Suranga Chandratillake, Founder and CEO of Blinkx, speaks at the Reuters Global Media Summit in New York December 1, 2010. REUTERS/Mike Segar/Files

Suranga Chandratillake, Founder and CEO of Blinkx, speaks at the Reuters Global Media Summit in New York December 1, 2010.

Credit: Reuters/Mike Segar/Files

LONDON | Wed Feb 2, 2011 2:10am EST

LONDON (Reuters) - Online video search firm Blinkx is expanding to reach new customers in their living rooms with a deal to provide its technology to television makers, set-top box makers and apps developers.

The company, which has indexed more than 35 million hours of online video, said viewers were increasingly watching online video on mobile phones and web-connected televisions as well as on PCs, where it has already built a leading position.
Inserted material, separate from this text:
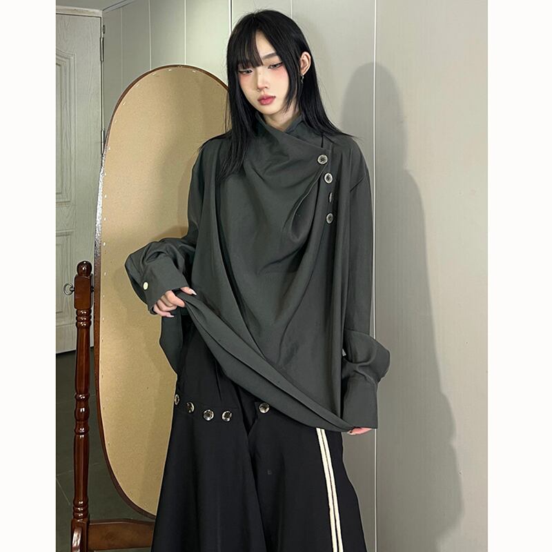 【SHANBENシリーズ】★チャイナ風シャツ★ 2color トップス 長袖シャツ 男女兼用 メンズ デザイン性有り ゆったり

Blinkx founder and CEO Suranga Chandratillake said the new interface would complement its mobile API (application programming interface), launched last summer, which had already won support from partners like Samsung.

"Providing an API for TV brings Blinkx into the living-room and enables our partners to tap a flourishing audience as more consumers access Web video from their TVs," he said in a statement on Wednesday.

Internet-connected television has not yet been widely adopted, but companies such as Google and Apple are betting that it will take off.

Television sets connected to the Internet are expected to make up about 40 percent of all TV sales by 2013, according to electronics research group IMS.

As viewers increasingly face a multitude of choices on their television sets, as they currently do on their PCs, investors in Blinkx are betting that software for searching that content will become essential. Its shares have risen more than six-fold in the last year.

The UK is developing an Internet TV platform, called YouView, backed by all major free-to-air broadcasters. Chandratillake told Reuters in December he wanted Blinkx, spun out of software firm Autonomy, to be on the platform in some way.